3.1 General Restrictions. The registered Holder of this Purchase Warrant agrees by his, her or its acceptance hereof, that such Holder will not sell, transfer, assign, pledge or hypothecate this Purchase Warrant or the Warrant Shares issuable hereunder or subject this Purchase Warrant or such securities to be the subject of any hedging, short sale, derivative, put or call transaction that would result in the effective economic disposition of this Purchase Warrant or the Warrant Shares hereunder for a period of one hundred eighty (180) days following the Effective Date, except as permitted in FINRA Rule 5110(e)(2). Commencing 180 days after the Effective Date, transfers to others may be made subject to compliance with or exemptions from applicable securities laws. In order to make any permitted assignment, the Holder must deliver to the Company the assignment form attached hereto duly executed and completed, together with the Purchase Warrant and payment of all transfer taxes, if any, payable in connection therewith. The Company shall within five (5) business days transfer this Purchase Warrant on the books of the Company and shall execute and deliver a new Purchase Warrant or Purchase Warrants of like tenor to the appropriate assignee(s) expressly evidencing the right to purchase the aggregate number of Warrant Shares purchasable hereunder or such portion of such number as shall be contemplated by any such assignment.
3.2 Restrictions Imposed by the Act. The securities evidenced by this Purchase Warrant shall not be transferred unless and until: (i) if required by applicable law, the Company has received the opinion of counsel for the Company that the securities may be transferred pursuant to an exemption from registration under the Securities Act and applicable state securities laws, or (ii) a registration statement or a post-effective amendment to the Registration Statement relating to the offer and sale of such securities has been filed by the Company and declared effective by the Commission and compliance with applicable state securities law has been established.
4. Reserved.
5. New Purchase Warrants to be Issued.
5.1 Partial Exercise or Transfer. Subject to the restrictions in Section 3 hereof, this Purchase Warrant may be exercised or assigned in whole or in part. In the event of the exercise or assignment hereof in part only, upon surrender of this Purchase Warrant for cancellation, together with the duly executed exercise or assignment form and funds sufficient to pay any Exercise Price and/or transfer tax if exercised pursuant to Section 2.1 hereto, the Company shall cause to be delivered to the Holder without charge a new Purchase Warrant of like tenor to this Purchase Warrant in the name of the Holder evidencing the right of the Holder to purchase the number of Warrant Shares purchasable hereunder as to which this Purchase Warrant has not been exercised or assigned.
5.2 Lost Certificate. Upon receipt by the Company of evidence satisfactory to it of the loss, theft, destruction or mutilation of this Purchase Warrant and of reasonably satisfactory indemnification or the posting of a bond, determined in the sole discretion of the Company, the Company shall execute and deliver a new Purchase Warrant of like tenor and date.

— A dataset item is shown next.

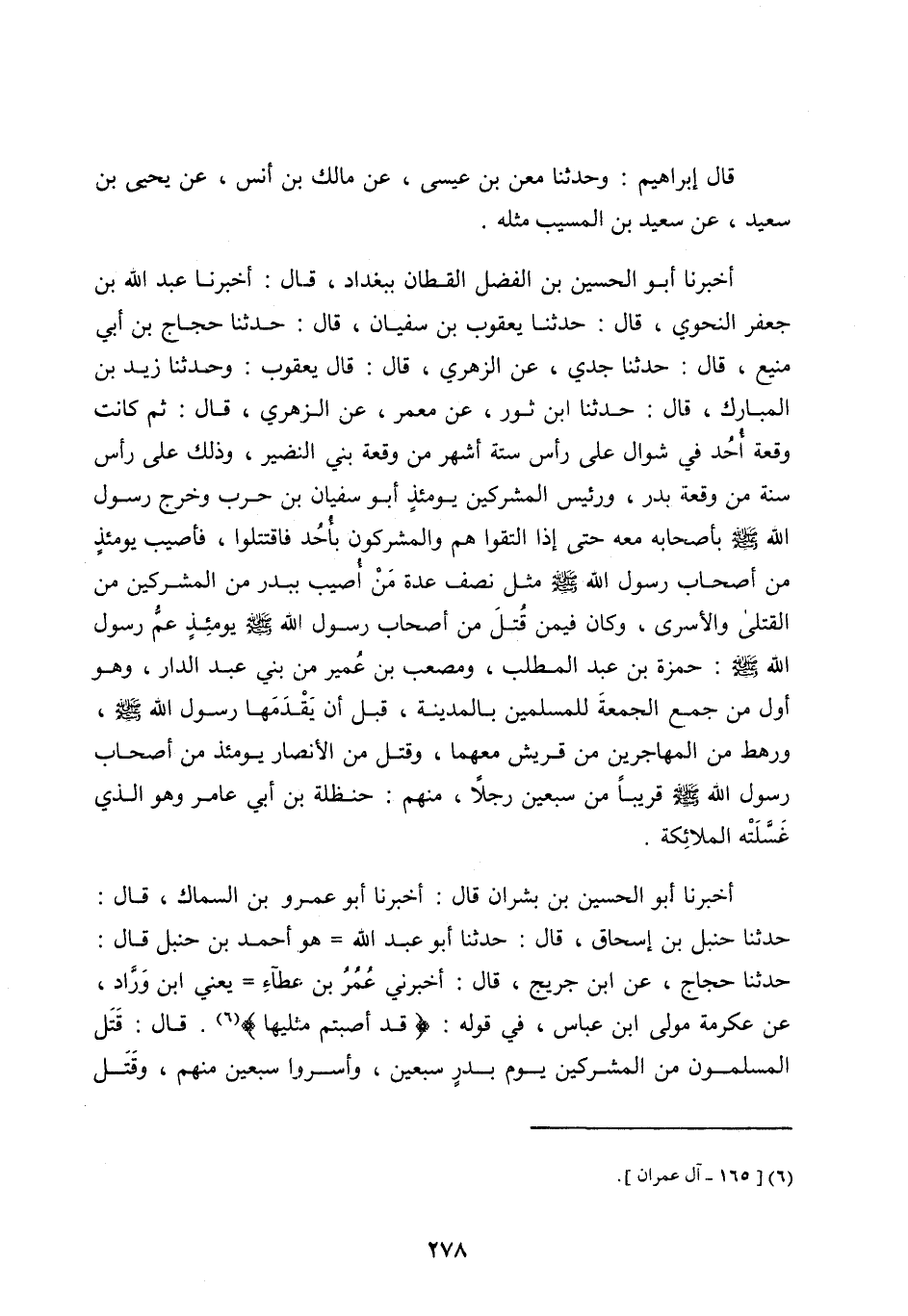 أَخْبَرَنَا أَبُو الْحُسَيْنِ بْنُ الْفَضْلِ الْقَطَّانُ بِبَغْدَادَ، قَالَ: أَخْبَرَنَا عَبْدُ اللَّه بْنُ جَعْفَرٍ النَّحْوِيُّ، قَالَ: حَدَّثَنَا يَعْقُوبُ بْنُ سُفْيَانَ، قَالَ: حَدَّثَنَا حَجَّاجُ بْنُ أَبِي مَنِيعٍ، قَالَ: حَدَّثَنَا جَدِّي، عَنِ الزُّهْرِيِّ، قَالَ: قَالَ يَعْقُوبُ: وَحَدَّثَنَا زَيْدُ بْنُ الْمُبَارَكِ، قَالَ: حَدَّثَنَا ابْنُ ثَوْرٍ، عَنْ مَعْمَرٍ، عَنِ الزُّهْرِيِّ، قَالَ: ثُمَّ كَانَتْ وَقْعَةُ أُحُدٍ فِي شَوَّالٍ عَلَى رَأْسِ سِتَّةِ أَشْهُرٍ مِنْ وَقْعَةِ بَنِي النَّضِيرِ، وَذَلِكَ عَلَى رَأْسِ سَنَةٍ مِنْ وَقْعَةِ بَدْرٍ، وَرَئِيسُ الْمُشْرِكِينَ يَوْمَئِذٍ أَبُو سُفْيَانَ بْنُ حَرْبٍ وَخَرَجَ رَسُولُ اللَّه صَلَّى اللَّه عَلَيْهِ وَسَلَّمَ بِأَصْحَابِهِ مَعَهُ حَتَّى إِذَا الْتَقَوْا هُمْ وَالْمُشْرِكُونَ بِأُحُدٍ فَاقْتَتَلُوا، فَأُصِيبَ يَوْمَئِذٍ مِنْ أَصْحَابِ رَسُولِ اللَّه صَلَّى اللَّه عَلَيْهِ وسلم مِثْلُ نِصْفِ عِدَّةِ مَنْ أُصِيبَ بِبَدْرٍ مِنَ الْمُشْرِكِينَ مِنَ الْقَتْلَى وَالْأَسْرَى، وَكَانَ فِيمَنْ قُتِلَ مِنْ أَصْحَابِ رَسُولِ اللَّه صَلَّى اللَّه عَلَيْهِ وَسَلَّمَ يَوْمَئِذٍ عَمُّ رَسُولِ اللَّه صَلَّى اللَّه عَلَيْهِ وَسَلَّمَ: حَمْزَةُ بْنُ عَبْدِ الْمُطَّلِبِ، وَمُصْعَبُ بْنُ عُمَيْرٍ مِنْ بَنِي عَبْدِ الدَّارِ، وَهُوَ أَوَّلُ مَنْ جَمَّعَ الْجُمُعَةَ لِلْمُسْلِمِينَ بِالْمَدِينَةِ، قَبْلَ أن يقدمها رسول اللَّه صلى اللَّه عليه وسلم، وَرَهْطٌ مِنَ الْمُهَاجِرِينَ مِنْ قُرَيْشٍ مَعَهُمَا، وَقُتِلَ مِنَ الْأَنْصَارِ يَوْمَئِذٍ مِنْ أَصْحَابِ رَسُولِ اللَّه صَلَّى اللَّه عَلَيْهِ وسلم قريبا مِنْ سَبْعِينَ رَجُلًا، مِنْهُمْ: حَنْظَلَةُ بْنُ أَبِي عَامِرٍ وَهُوَ الَّذِي غَسَّلَتْهُ الْمَلَائِكَةُ.

Any such new Purchase Warrant executed and delivered as a result of such loss, theft, mutilation or destruction shall constitute a substitute contractual obligation on the part of the Company.
6. Adjustments.
6.1 Adjustments to Exercise Price and Number of Securities. The Exercise Price and the number of Warrant Shares underlying the Purchase Warrant shall be subject to adjustment from time to time as hereinafter set forth provided that the Exercise Price shall not be adjusted such that it would result in the Warrant Shares being issued at a price below their par value.
6.1.1 Share Dividends; Split Ups. If, after the date hereof, and subject to the provisions of Section 6.3 below, the number of outstanding shares of Common Stock is increased by a stock dividend payable in Common Stock or by a split up of the Common Stock or other similar event, then, on the effective day thereof, the number of Warrant Shares purchasable hereunder shall be increased in proportion to such increase in outstanding shares of Common Stock, and the Exercise Price shall be proportionately decreased.
6.1.2 Aggregation of Shares. If, after the date hereof, and subject to the provisions of Section 6.3 below, the number of outstanding shares of Common Stock is decreased by a consolidation, combination or reclassification of the Common Stock or other similar event, then, on the effective date thereof, the number of Warrant Shares purchasable hereunder shall be decreased in proportion to such decrease in outstanding shares of Common Stock, and the Exercise Price shall be proportionately increased.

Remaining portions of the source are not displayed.